Insurance and IT firms agree rules on sharing price details

Blabbing pricing intentions to each other looked fishy to OFT

Six insurance companies and two IT software and service providers have agreed to change the way price information for motor insurance is shared following concerns that previous practices were violating competition laws.

The Office of Fair Trading (OFT) said that the insurers shared price details about future motor insurance price intentions with brokers who in turn used a software company, SSP Ltd, to share the data on an information exchange service. Insurers could use the information exchange, provided by Experian, to check their prices against competitors' and meant they had the potential to use the software to "prevent, restrict or distort competition" through coordinated price setting agreements, the OFT said.

Ageas Insurance, Aviva Insurance, AXA Insurance UK, Liverpool Victoria Insurance Company, RBS Insurance Group and Zurich Insurance, as well as SSP and Experian, have all agreed binding commitments (77-page/582KB PDF) that limit the kind of information that can be published through Experian's software, the OFT said. The regulator had raised concerns that the companies could have been in breach of the UK's Competition Act in how the tool was being used.

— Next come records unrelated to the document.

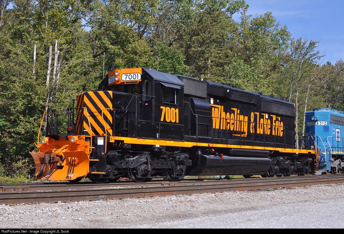 Sharp looking Wheeling 7001 works at Hartland Yard. According to the NSDash9 Wheeling roster this unit was built 1/1980 as UP 3664 with rebuilding completed at Brewster 3/2017, including the addition of PTC.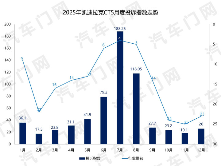 而从年度走势来看,2025年大部分技巧里,凯迪拉克CT5的单月投诉指数齐在50以下。6-8月,CT5的投诉指数出现了一次岑岭。也恰是此次大幅波动,平直推高了CT5的年度全体投诉指数。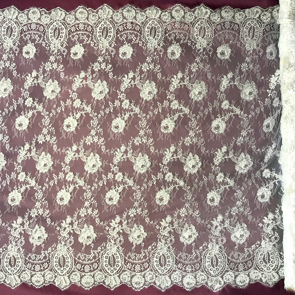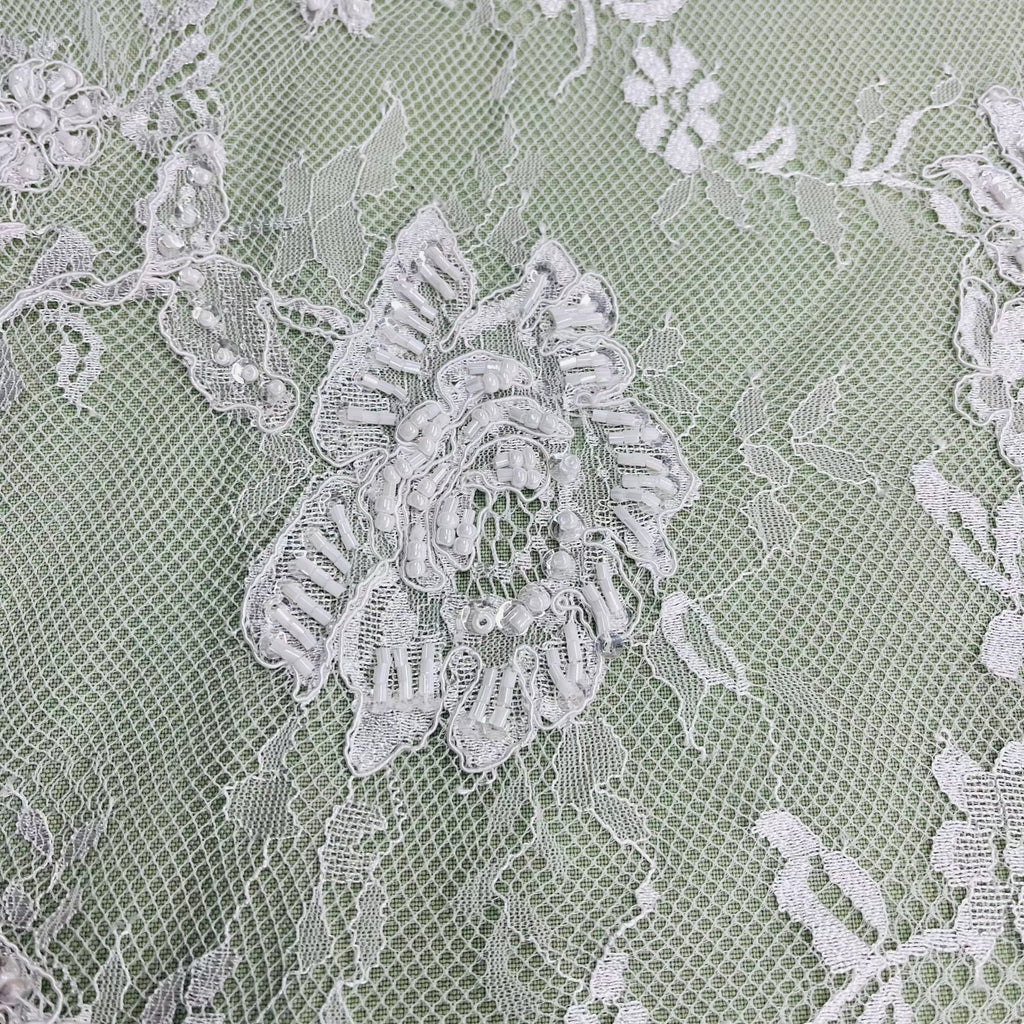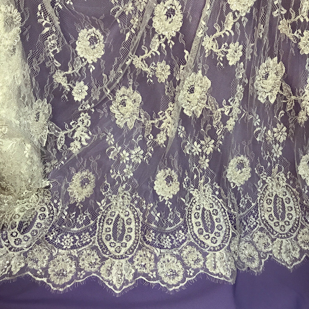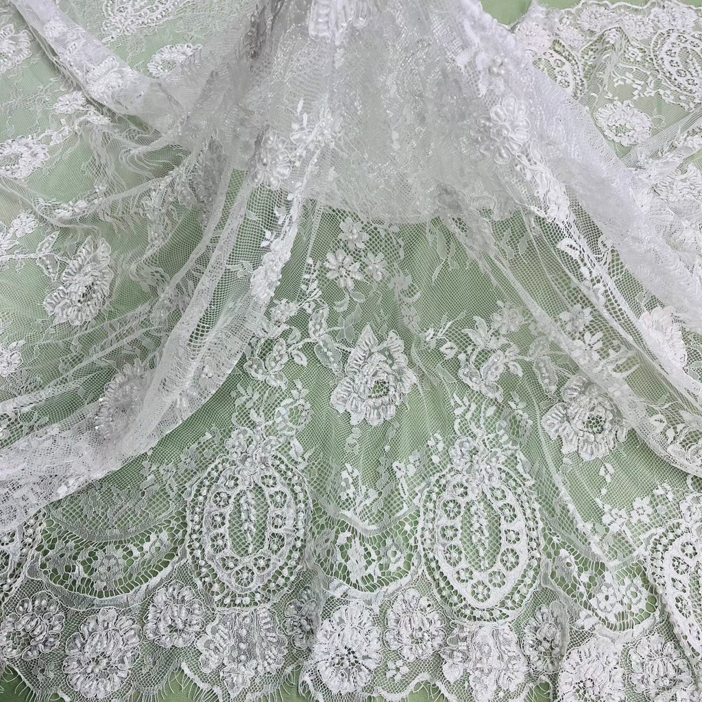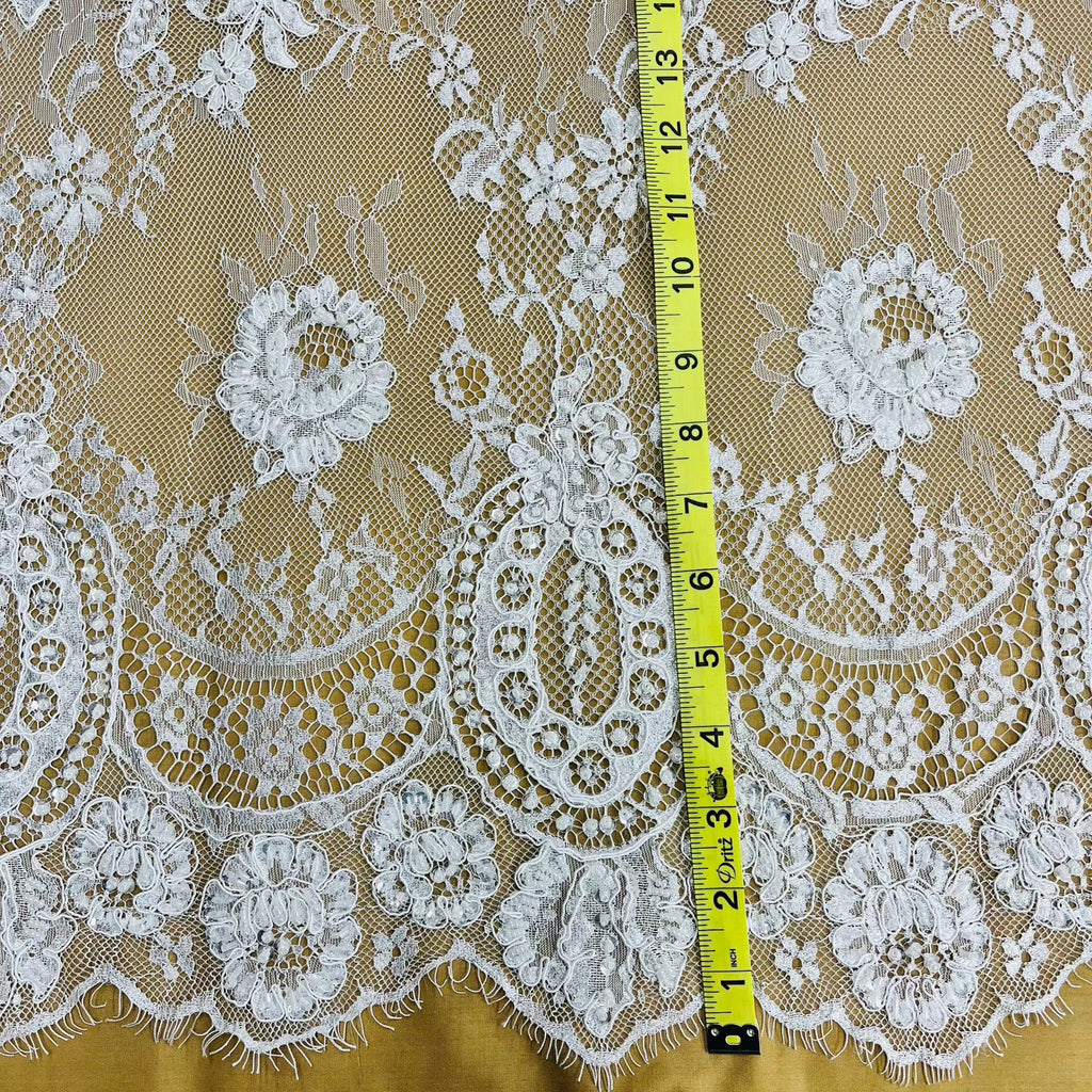 Introducing our exquisite Beaded & Corded Chantilly Floral Lace Fabric!

"The formal commitments address these concerns by ensuring that the companies will exchange pricing information through the analysis tool only if that information meets certain principles agreed with the OFT," the competition regulator said in a statement.

"These principles require the information, if less than six months old, to be anonymised, aggregated across at least five insurers and already 'live' in broker-sold policies," it said.

Under the UK's Competition Act companies are generally prohibited from establishing agreements with other UK trading firms that "have as their object or effect the prevention, restriction or distortion of competition within the United Kingdom".

The OFT said that the agreement would stop the potential for price fixing whilst ensuring "healthy" competition in the market.

"The exchange of future pricing data between competitors has the potential to dampen competition, preventing customers from getting the best value," said Clive Maxwell, executive director at the OFT.

"We have been able to address our concerns by accepting commitments that reflect the specific features of this market. These limit data sharing while ensuring a certain level of information remains available to potential new competitors, in particular smaller firms, to encourage entry into and healthy competition in the market," Maxwell said.

Later this month the OFT is expected to publish its report into the rising cost of motor insurance premiums. In September the OFT said it wanted to find out whether motor insurance premiums had risen on average by more than 40 per cent and whether any the reasons for the reported increase threw up any consumer or competition issues that need to be addressed.

The regulator asked insurers and other market participants for their views on the role played by price comparison websites, the provision of credit hire replacement vehicles, insurers' use of panels of approved repairers and "add-on" products sold in addition to standard insurance cover.